We do not want to afford expensive branded disk arrays. Even out of a simple sense of beauty - they will not look next to the racks, where the rows of neonayms are packed in even rows. Yes, and unnecessarily expensive, it all costs.
As a result, we decided not to use disk arrays at all. All block devices we spin under CEPH on the same low-cost servers - we can put them in the rack in large quantities we need.
With network iron, the approach is not much different. We take the middling, we get good, suitable equipment for the task quite inexpensive. In the event of a switch failure, the second one works in parallel, and OSPF is configured on the servers, convergence is guaranteed.
Thus, we have a convenient, fault-tolerant and versatile system - a rack full of simple cheap servers, several switches. Next stand. And so on.
Simple, convenient and overall - very reliable.
Listen to the rules of conduct on board
We never wanted to come to the office, do work and get paid in money. The financial component is very important, but it does not replace the pleasure of a job well done. We have already written payment systems, including at previous places of work. And about what they do not want to do. But I didn’t want standard but proven solutions, I didn’t want a boring enterprise.

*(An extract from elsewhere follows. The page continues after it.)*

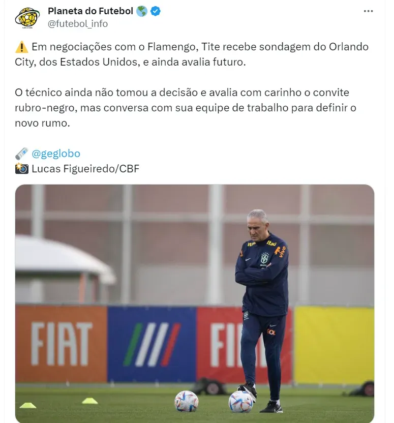 De acordo com o ‘Ge’, o Orlando City, dos Estados Unidos, é o mais recente interessado em contratar Tite. A fonte relata que o treinador recebeu uma sondagem inicial por parte do time americano e está avaliando suas opções para o futuro. O Mengão é, ainda, o favorito, mas corre riscos.
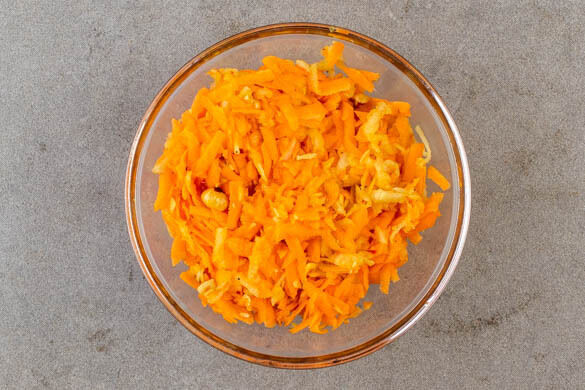 Inzwischen die Karotten ggf. schälen und grob reiben. Den Apfel vierteln, entkernen und ebenfalls grob reiben. Die Haselnüsse grob hacken und in einer mittelgroßen Pfanne bei mittlerer Hitze in 1–2Min. goldbraun anrösten. Vorsicht, sie können schnell zu dunkel werden. Zum Abkühlen aus der Pfanne nehmen und beiseitestellen.

And we decided to pull the maximum fresh into the work. In the development of payment systems often limit new solutions, they say, why do you need a docker at all, let's go without him. And generally speaking. Nonsekurno. Prohibit.
We decided not to prohibit anything, but on the contrary, to encourage everything new. So, in our production, Macroservice was built from a huge heap of applications in docker containers, managed through SaltStack , Riak clusters, Consul as a Service Discovery, the original implementation of query tracing in a distributed system and many other great technologies.

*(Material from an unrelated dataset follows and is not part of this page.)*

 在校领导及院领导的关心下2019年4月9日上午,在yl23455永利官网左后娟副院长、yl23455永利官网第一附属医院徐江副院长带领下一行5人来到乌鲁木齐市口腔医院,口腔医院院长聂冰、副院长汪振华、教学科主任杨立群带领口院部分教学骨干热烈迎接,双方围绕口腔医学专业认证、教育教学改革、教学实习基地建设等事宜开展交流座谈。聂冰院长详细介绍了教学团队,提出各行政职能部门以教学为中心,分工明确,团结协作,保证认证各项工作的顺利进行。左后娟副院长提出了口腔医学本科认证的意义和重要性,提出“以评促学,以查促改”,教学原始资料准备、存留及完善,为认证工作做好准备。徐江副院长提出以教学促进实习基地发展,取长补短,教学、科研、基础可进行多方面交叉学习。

And all this is so secure that you can without any shame publish the Bugbounty program on hackerone.com .
Of course, the very first steps along this road turned out to be littered with an absolutely indecent amount of rakes. As we have run over them, we will definitely tell, also we will tell, for example, why we do not have a test environment, and all the processing can be deployed on a developer’s laptop simple
As well as a bunch of interesting things.
Thank you for choosing our airline!
PS: Original content! All photos in the post are scenes from the life of our office.